Day Trading Options in IRA Accounts

Although individual retirement accounts encourage long-term investing and saving, no rule prohibits short-term trading. Day traders normally buy and sell frequently and exit daily trading without owning any investments. You can shield your option trading from current taxes by using an IRA, but you must follow certain rules.

Options Trading

Option buyers have the right to buy or sell underlying securities or commodities for a set price on or before an expiration date. Option sellers may be forced to sell or buy underlying securities under certain conditions. Option trading varies from low-risk income-producing strategies to high-risk, high-reward gambles. Your trading strategies are limited by the option trading level your broker assigns you. Certain option trades can lose more than your original investment, leading to a negative account balance that is, in effect, a loan from your broker. IRAs aren't allowed to use these trading levels.

Prohibited Transactions

The Internal Revenue Service bans you from borrowing from your IRA or pledging it to secure a loan. This means that your IRA can’t use trading margin, which is money a broker lends to help pay for investments. You can make option trades that might result in a negative account balance, but only in a margin account.
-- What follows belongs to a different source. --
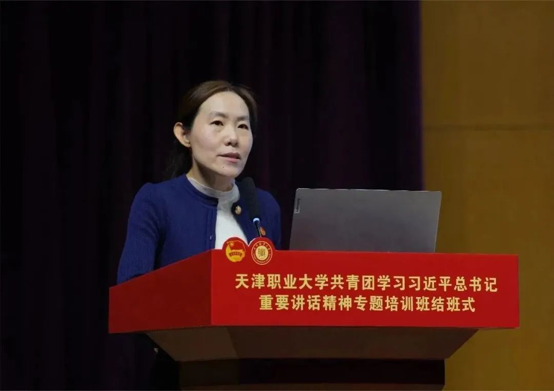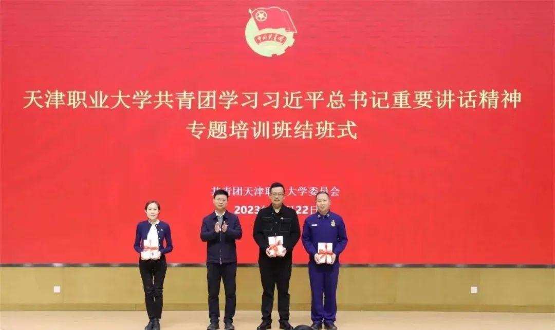 学员代表旅游学院学生团干部单琳和教师团干部代表经管学院团委副书记袁晓瑢分别做专题学习成果微宣讲,分享了学习体会与收获,鼓励大家刻苦学习、知行合一、为校争光。汽车学院梁正昌、赵武英、艺工学院徐畅、机电学院甘齐昊、电信学院赵庆祖作为四次实践活动的主要成员,展示了滨海新区爱津留津岗位认知,北辰区为老志愿服务、“青年之家”读书会、宝坻区乡村振兴等四次实践体验类主题团日活动的学习成果,让大家感受到大学生活的精彩,体会到实践锻炼的重要意义,通过深入基层、走访调研,既能提升社会化能力,更能学有所用,发挥好专业技能优势,助力区域精神文明建设。

Therefore, if you day trade options in your IRA, you are limited to trades that your broker permits in a cash account. For example, you can’t sell naked options in an IRA.

Freeriding

The U.S. Federal Reserve Board’s Regulation T prohibits a practice called “freeriding” that occurs when you sell a security in a cash account before you pay for it. This can cramp a day-trader’s style because you must wait three days to receive any money from an option trade. This delay is a result of the three-day settlement period used for U.S. trading. An IRA account is normally allowed to buy securities using money that hasn't settled, even though this is a mild form of margin. Rapid-fire day trading might cause you to buy and sell options with unsettled money, resulting in a freeriding violation.

Example of Freeriding

Suppose you buy an option in the morning and sell it in the afternoon. You then buy another option even though your account’s cash balance is less than the purchase price. You broker will let you to do this based on the money you’ll be receiving when the first option settles in three days. However, if you sell the second option before the first one settles, you've violated the freeriding regulation. Your broker will freeze your cash account for 90 days. You can still trade in a frozen account, but you must shell out the cash upfront.